**Requirement**.
Across the entries, count the lines that include "REDACTED" and report only that number.

[Records from a data collection]
== Segment start ==
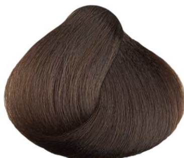
5.032 CIOCCOLATO MEDIO MEDIUM CHOCOLATE CHOCOLATE MEDIO CHOCOLAT MOYEN
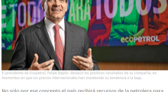
© presidente de Ecopetrol, Felipe Bayón, destaca los positivos resultados de su compañía, en momentos en que los precios internacionales han mantenido su tendencia a la baja.

Se trata de una gran noticia para el fisco, que en las últimas semanas había tenido algunos tropiezos con el hundimiento de la Ley de Financiamiento y las sombras que se ciernen sobre la aprobación de la nueva reforma tributaria.
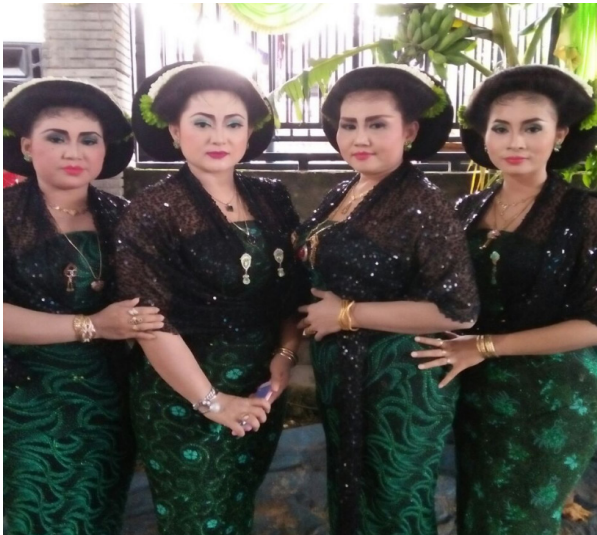
Gambar 3. Cantik bersahaja sesuai dengan nilai yang diidealkan masyarakat
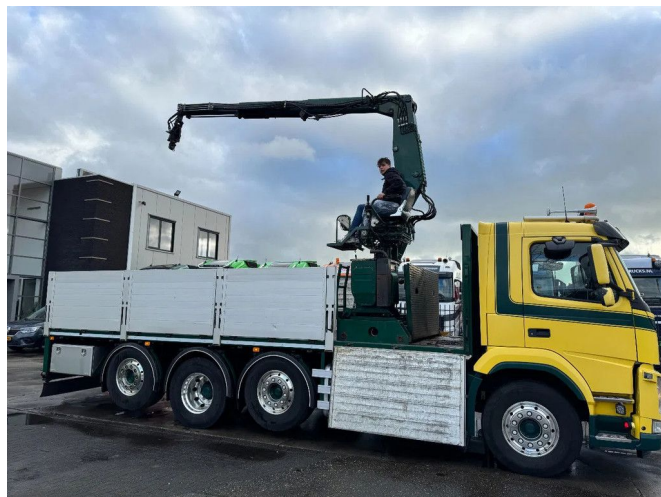
Volvo FM 460 8X2 - EURO 6 + KENNIS 14.000-R ROLLER - ...
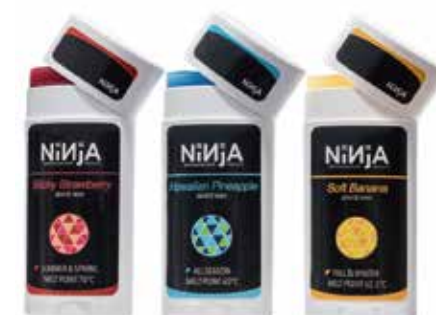
WAX Strawberry / Pineapple / Banana ¥550 (with tax)
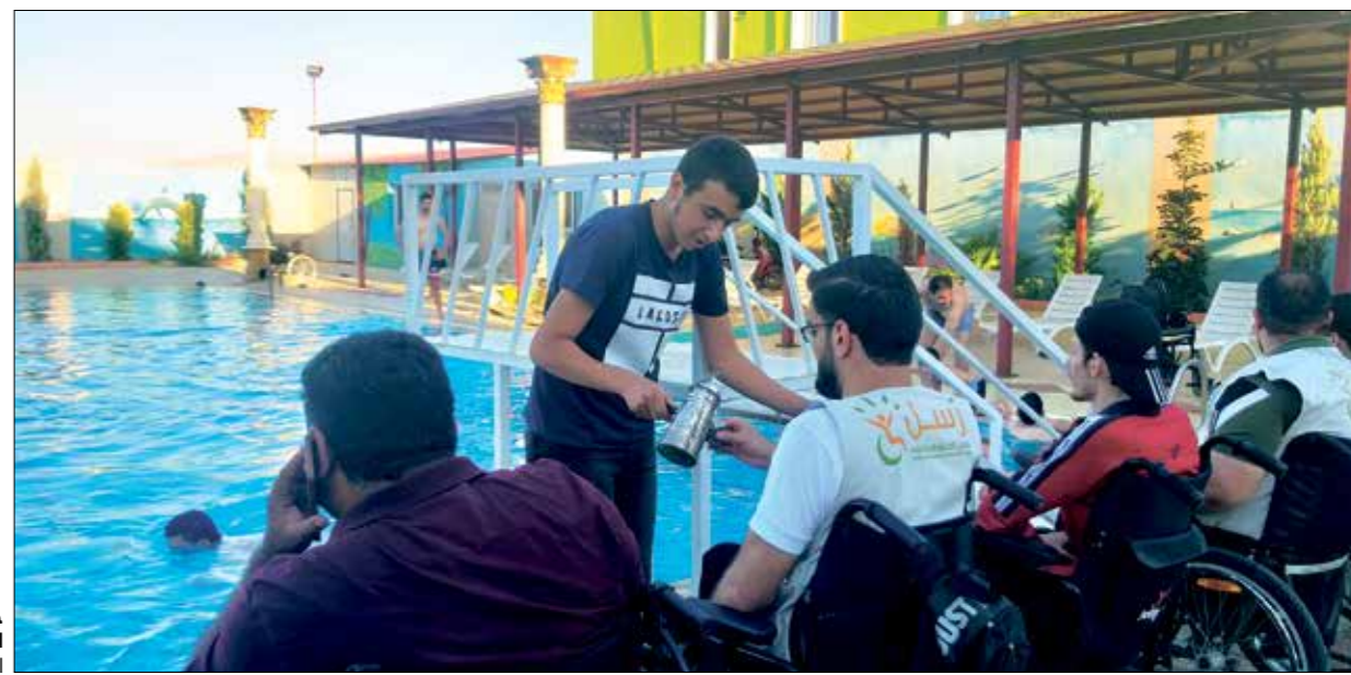
خلال أحد النشاطات

وجد شبان سوريون عالمًا افتقده بعد أصابتهم في الحرب السورية طوعياً يساعد اقربانًا لهم سلبتهم القابيل والفضائل اطرافهم، اسسوا «رُسل» ليكون جونا في زرع التفاؤل والحث على الاستمرار بالحياة
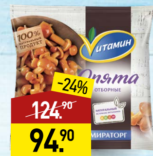
Опята ВИТАМИН 300 г, МИРАТОРГ
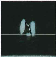
《夢の中の会話》 エッチング、エングレーヴィング 雁皮刷 / 12.0x11.0cm 2013年
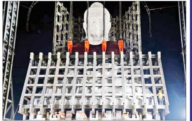
ဆင်းတုတော် အပိုင်း(၁၊ ၂၊ ၃၊ ၄) အား ရတနာပလ္လင်ထက်သို့ ပင့်ဆောင်နေပုံ။

ရာသီဥတုနှင့် အခြားသဘာဝ ဘေးဒဏ်များ ခံနိုင်ရည်ရှိရေး ဗုဒ္ဓရုပ်ပွားတော်မြတ်ကြီးအား ရာသီ ဥတုနှင့် အခြားသဘာဝဘေးဒဏ်များ ခံနိုင်ရည်ရှိရေးအတွက် ၂၀၀၈ ခုနှစ်တွင် ဖြစ်ပွားခဲ့သည့် နာဂစ်မုန်တိုင်း၏ အပြင်းဆုံးလေတိုက်နှုန်း 120 Mph နှင့် မြန်မာနိုင်ငံတွင် အမြင့်ဆုံးလှုပ်ခတ်နိုင် သည့် cလျင်လှုပ်ခတ်နှုန်း Earthquake Magnitude 8.7, 8.8 အထိ ခံနိုင်ရည်ရှိစေ ရန် Steel Rebars များ ထည့်သွင်းအား ဖြည့်ထားကာသမားရိုးကျနည်းလမ်းများ နှင့် ခေတ်မီနည်းလမ်းများ ပေါင်းစပ်၍ Composite နည်းပညာအသုံးပြုတွဲဆက် ခြင်းများ ဆောင်ရွက်ထားကြောင်း သိရှိ ရပါသည်။ နိုင်ငံတော်အကြီးအကဲက ဗုဒ္ဓရုပ်ပွားတော်ကြီး ရေရှည်တည်တံ့ ခိုင်မြဲစေရေး အသေးစိတ်စဉ်းစား တွက်ချက် ဆောင်ရွက်ထားချက်များကို ရှင်းလင်းနေစဉ်တွင် အတွေးတစ်ချက် လက်မိပါသည်။ ရှေးမြန်မာအဆက်ဆက် တည်ထားခဲ့သော ရှေးဟောင်းစေတီ ပုထိုးများသည် ခေတ်အဆက်ဆက်က သဘာဝဘေး၊ စစ်ဘေးတို့ကို အမျိုးမျိုး
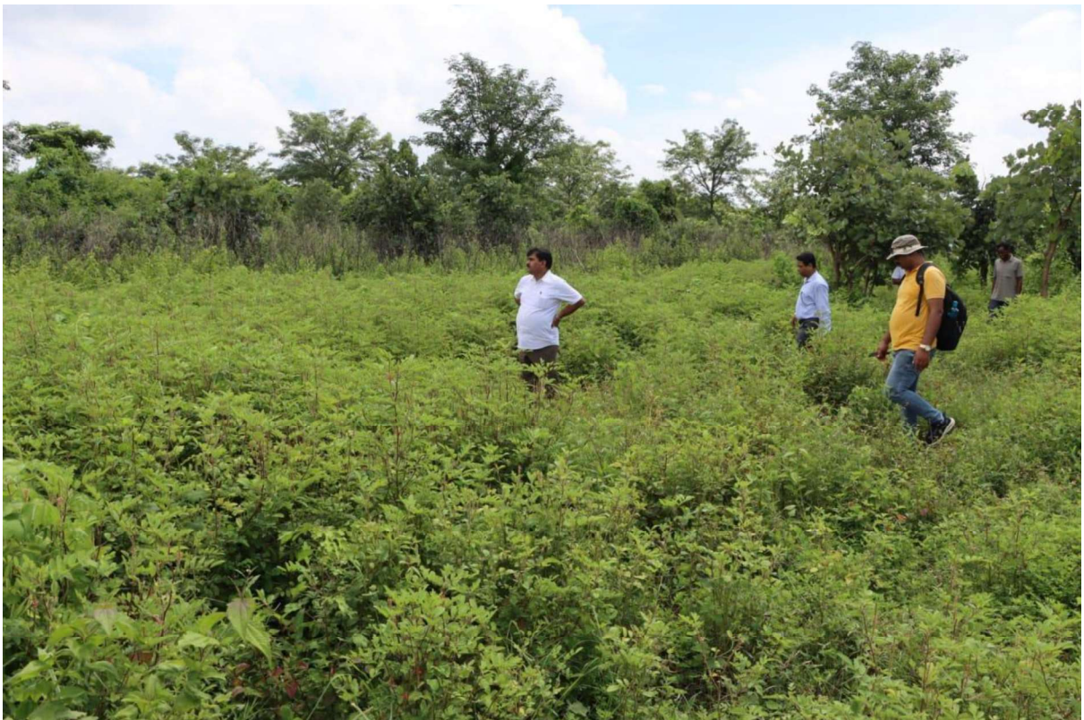
ASI team and scholars investigated the archaeological site
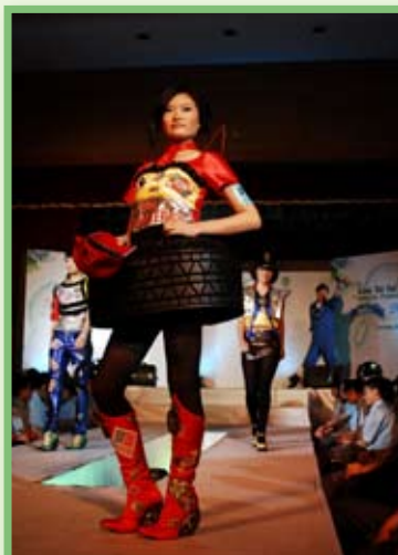
高中組冠軍主題：奔馳
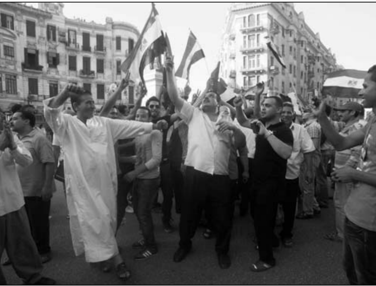
مصريون يحتفلون في القاهرة امس بفوز مرسي

البارزة بنيا فوز مرشح حزب الحرية والعدالة المصري المنتخب عن جماعة الإخوان المسلمين محمد مرسي برئاسة مصر امس الأحد، حيث تباينت ردود فعلها على وصول مرشح الإخوان إلى سدة الحكم في مصر. وذكرت صحيفة «نيويورك تايمز» على موقعها على شبكة الانترنت تعليقا على فوز مرسي أن جماعة الإخوان المسلمين باتت قريبة أكثر من أي وقت مضى من حلمها الخاص ببناء «ديمقراطية إسلامية جديدة» بعد 84 عاما من ممارسة نشاطها في الخفاء وداخل السجون. وأضافت أنه بإعلان فوز مرسي تكون الجماعة فازت بانتصار رمزي وحصلت على «سلاح جديد» في صراعها على السلطة مع المجلس العسكري الحاكم لمصر. أما صحيفة «وول ستريت جورنال» فكتبت تقول إن فوز سياسي إسلامي محسوب على الإخوان المسلمين، سوف يبعث برسائل وموجات صدمة عبر العالم العربي الذي كان خاضعا على مدار عقود
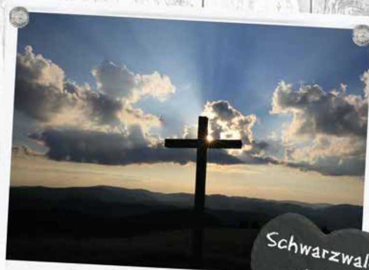
...schön hier oben!
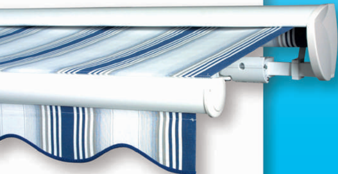
G150 Ausführung mit Schutzdach
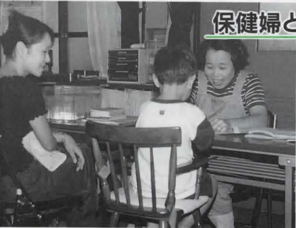
外へ親子で遊びに行きこもらないで親子で外へ

子育ては夫婦で協力し合うものと、お互い支え合い、熱心に真面目に子育てしている人が増えています。一方、「育児
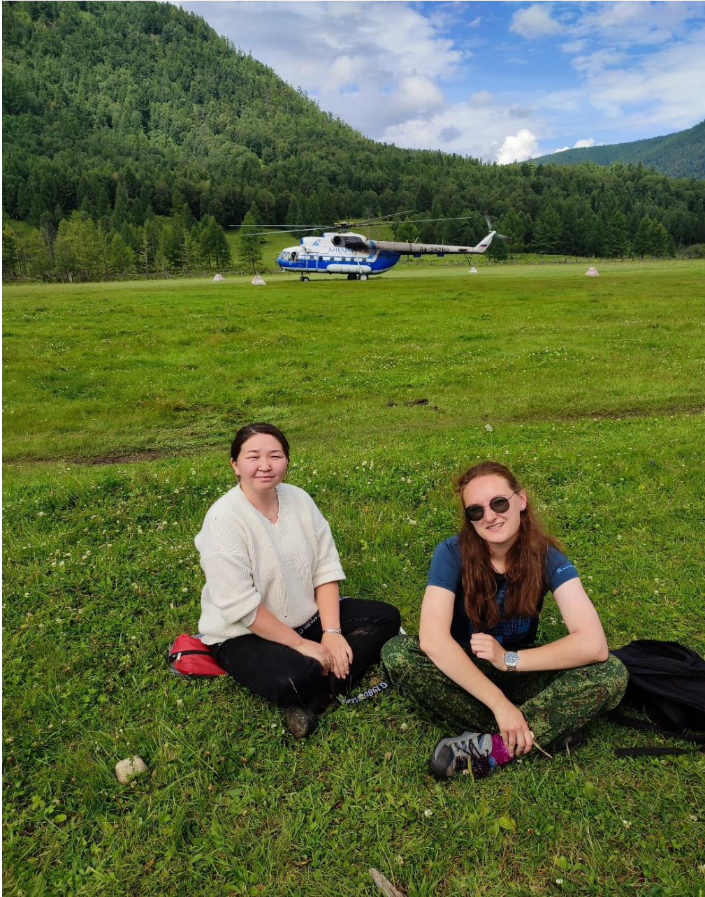
Рис. 1. с. Верхняя Гутара, аэропорт. Вертолет – основное транспортное средство

муниципальном образовании проживает большая часть КМН. Согласно статистическим данным и социологическим этнографическим исследованиям, проведенным ранее Кривоноговым В.П. и Рагулиной М.В. «чистокровных» представителей тофаларов почти не осталось. Возрастно-половой состав свидетельствует о демографической деградации поселения. Наибольшую долю проживающих составляют пенсионеры и дети до 14 лет. [6,9]. На территории Верхнегутарского муниципального образования зарегистрировано три малочисленные общины «Ирбис», «Тагул», «Кедр». Население ведет оседлый образ жизни. Миграция населения не превышает 2% в год.
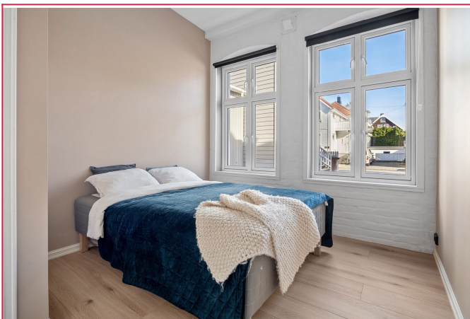
Soverom av god størrelse og mye lys
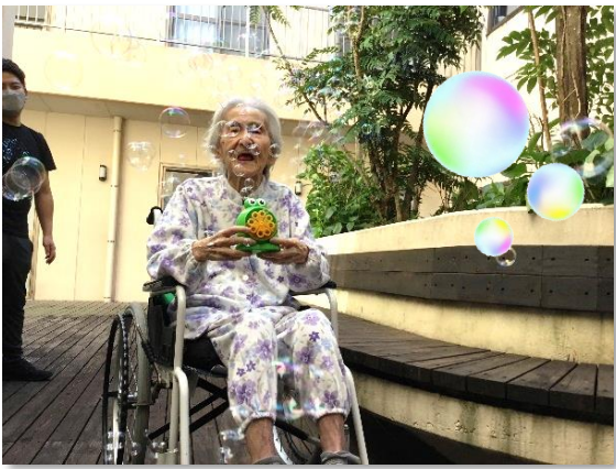
シャボン玉 童心にかえて笑顔がこぼれます
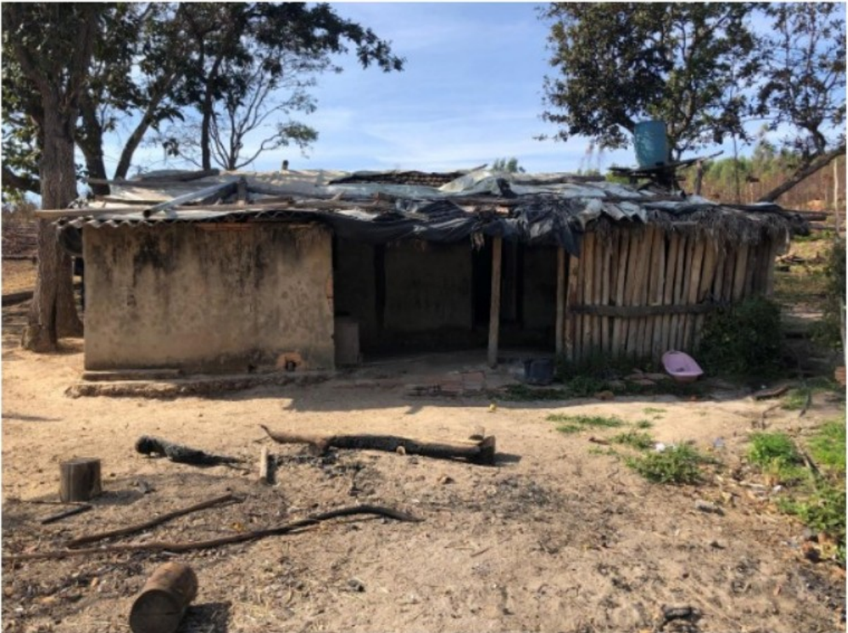
Imagem 3. Vista da moradia utilizada por [REDACTED]. Registro fotográfico efetuado em 05/08/2021.

Durante a inspeção a equipe de fiscalização teve acesso às edificações utilizadas por [REDACTED] e sua família e por [REDACTED] e sua companheira.
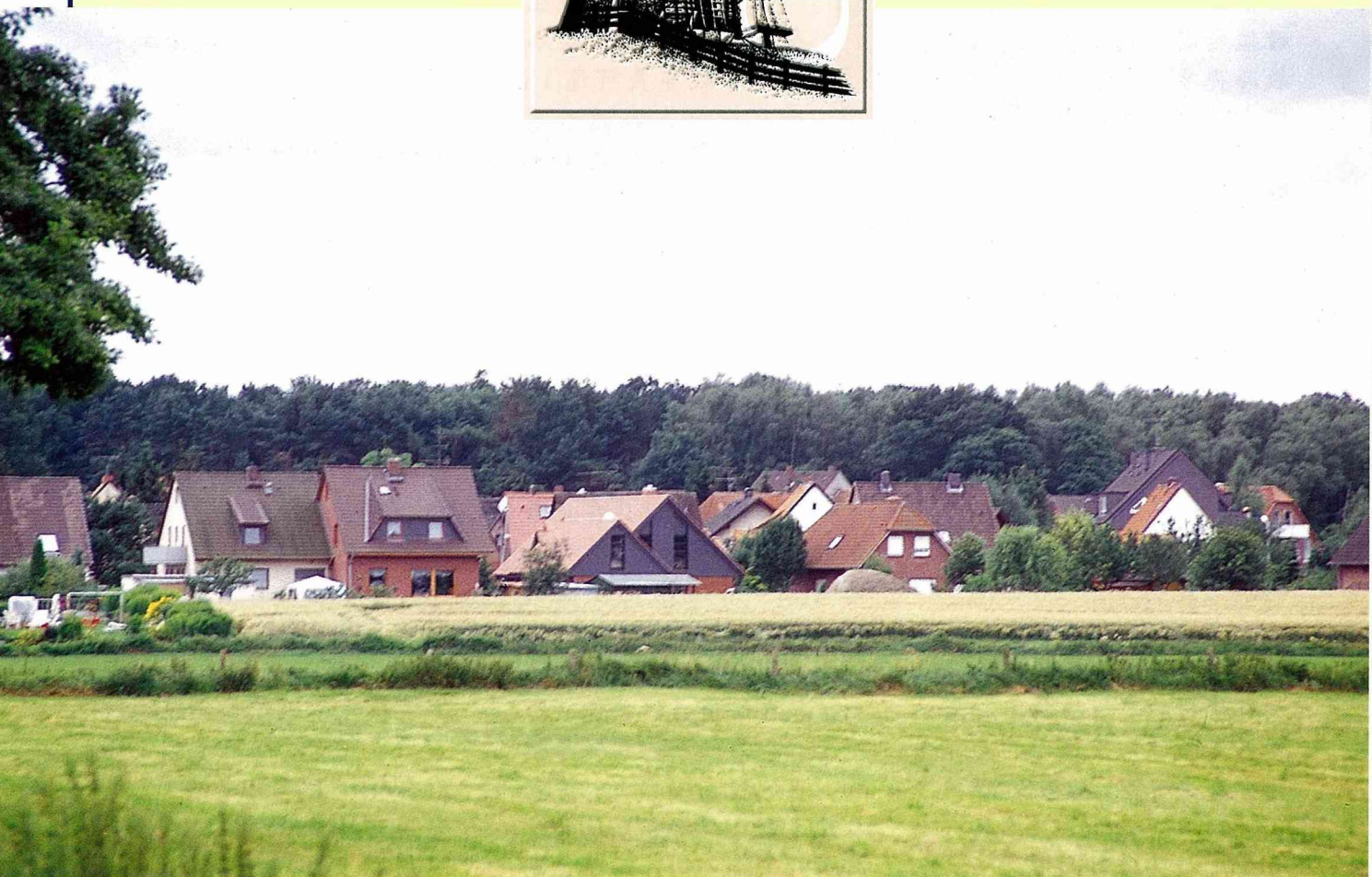
■樹群圍繞的海岸農村聚落。

荷 蘭人從小必須學會兩件事：騎單車和游泳。因為荷蘭是個低於海平面的國家，有引以為傲的自行車文化。荷蘭還有傑出的建築師，因為以治水與造鎮出名的荷蘭人，建築上也脫離不了水的影響，城市與鄉村中均可見到建築與水結合的完美演出。
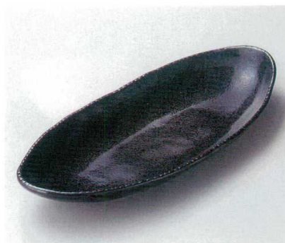
02810-199 黒結晶楕円長盛鉢 2,100円 40入 (33×14×4cm)
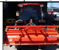
トラクター30馬力(A/C付)
== Segment end ==
**Response to this task**.
2